*** Opening of Input data ***

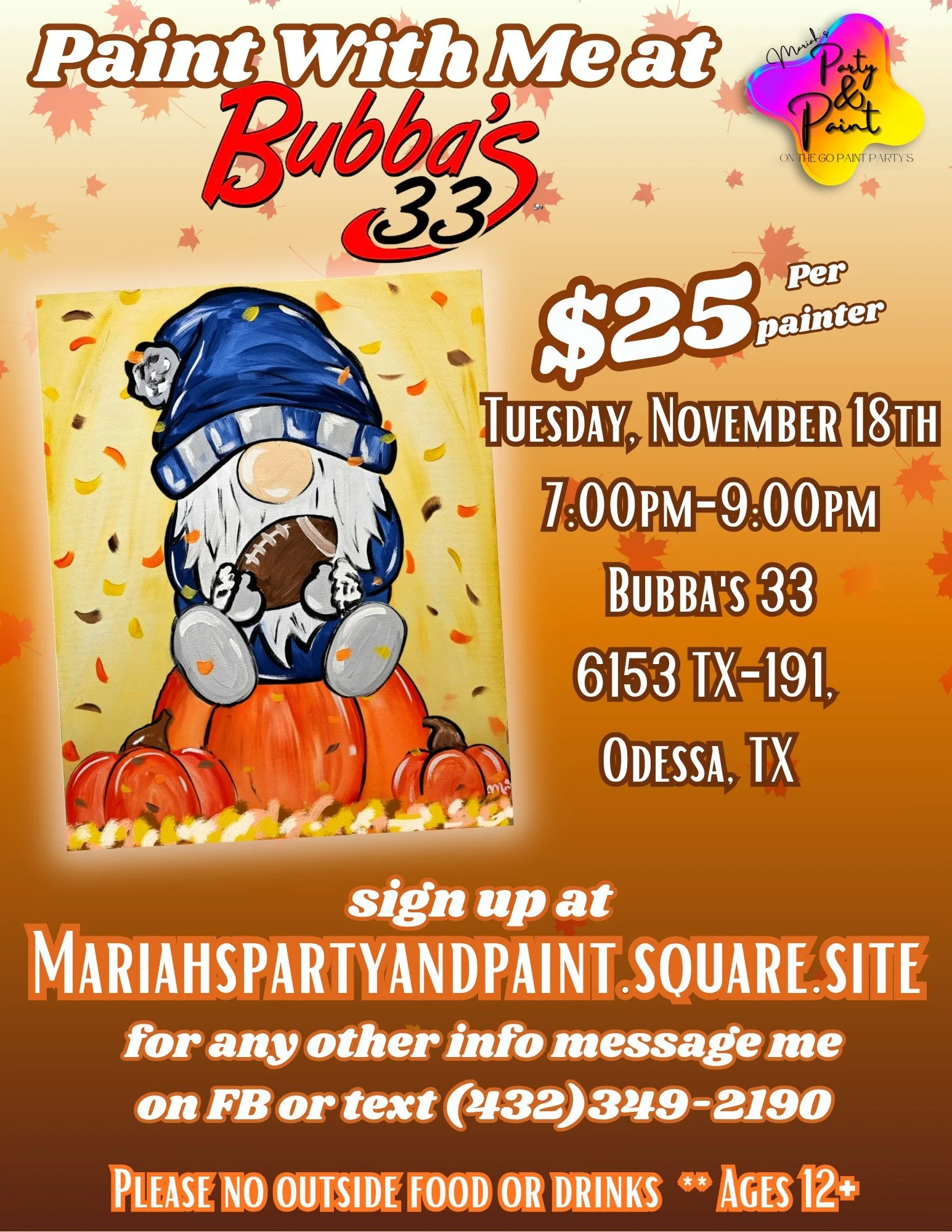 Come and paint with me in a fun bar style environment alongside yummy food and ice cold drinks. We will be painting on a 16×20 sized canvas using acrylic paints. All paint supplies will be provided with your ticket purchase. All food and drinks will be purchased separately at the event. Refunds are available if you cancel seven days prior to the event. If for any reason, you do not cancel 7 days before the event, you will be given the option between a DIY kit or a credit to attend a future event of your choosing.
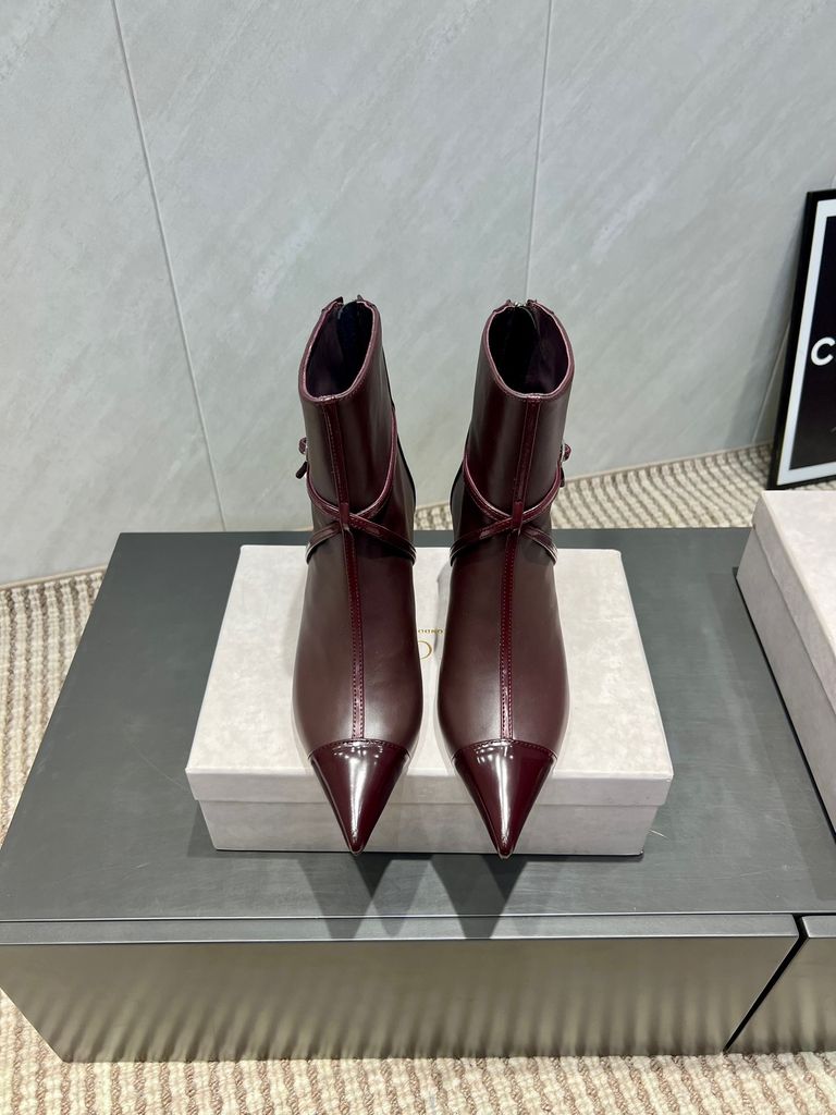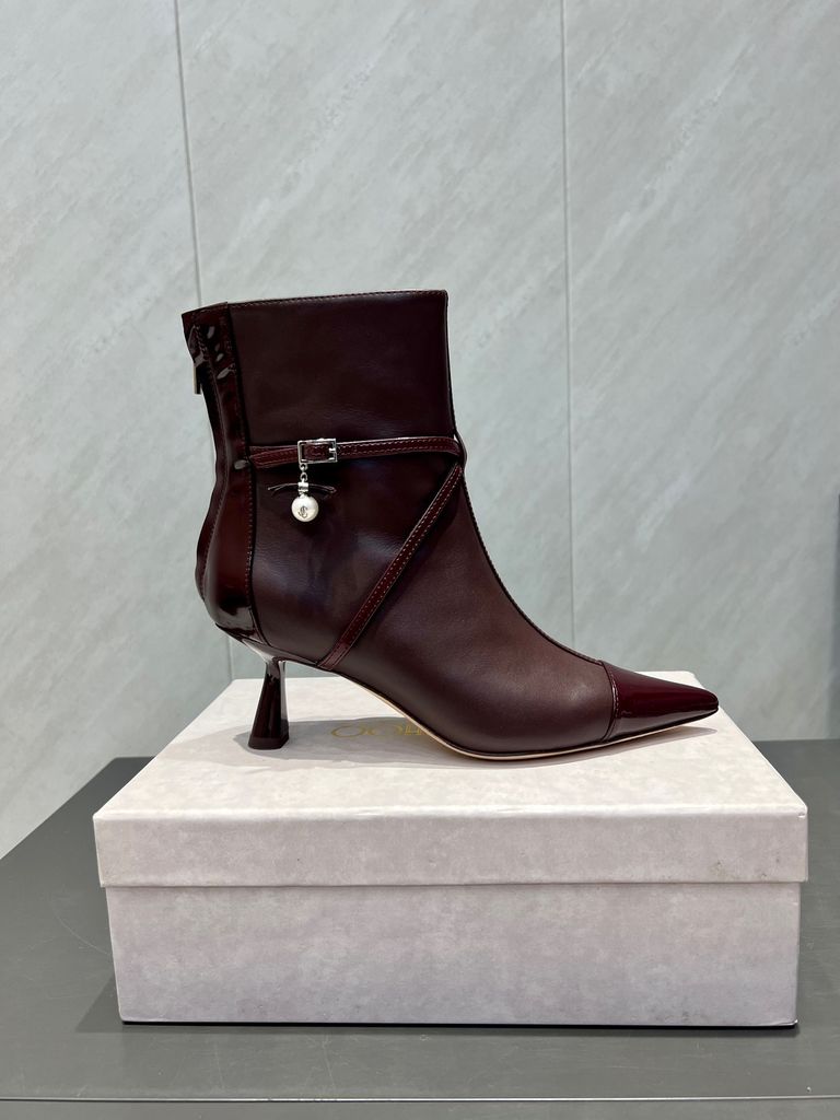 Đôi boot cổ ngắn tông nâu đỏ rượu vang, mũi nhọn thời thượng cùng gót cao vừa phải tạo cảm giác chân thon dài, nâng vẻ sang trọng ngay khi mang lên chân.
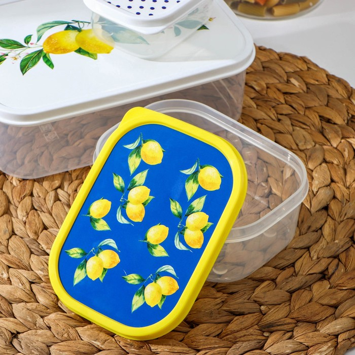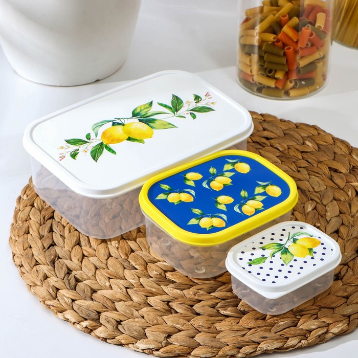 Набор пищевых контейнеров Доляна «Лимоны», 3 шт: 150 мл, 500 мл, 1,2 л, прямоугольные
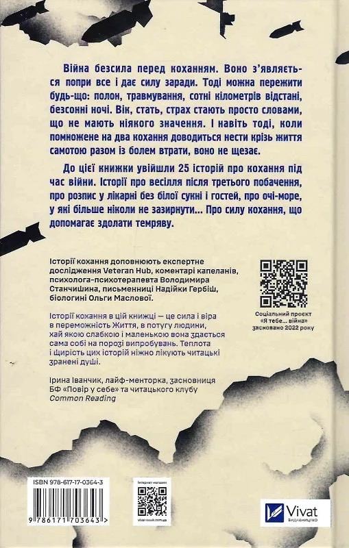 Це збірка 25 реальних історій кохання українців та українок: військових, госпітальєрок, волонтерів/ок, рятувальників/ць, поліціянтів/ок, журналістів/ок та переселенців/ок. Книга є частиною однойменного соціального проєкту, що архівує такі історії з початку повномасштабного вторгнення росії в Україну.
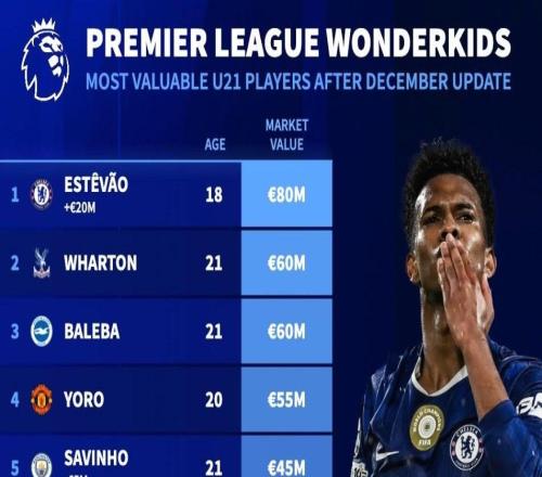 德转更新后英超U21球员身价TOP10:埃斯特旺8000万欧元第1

*** Close of Input data ***

Exercise objective: When you reach the line containing "Набор пищевых контейнеров" in the entries above, please retype it and each line after it through the last one, exactly, without the pictures.

Reply to the task:
 Набор пищевых контейнеров Доляна «Лимоны», 3 шт: 150 мл, 500 мл, 1,2 л, прямоугольные
 Це збірка 25 реальних історій кохання українців та українок: військових, госпітальєрок, волонтерів/ок, рятувальників/ць, поліціянтів/ок, журналістів/ок та переселенців/ок. Книга є частиною однойменного соціального проєкту, що архівує такі історії з початку повномасштабного вторгнення росії в Україну.
 德转更新后英超U21球员身价TOP10:埃斯特旺8000万欧元第1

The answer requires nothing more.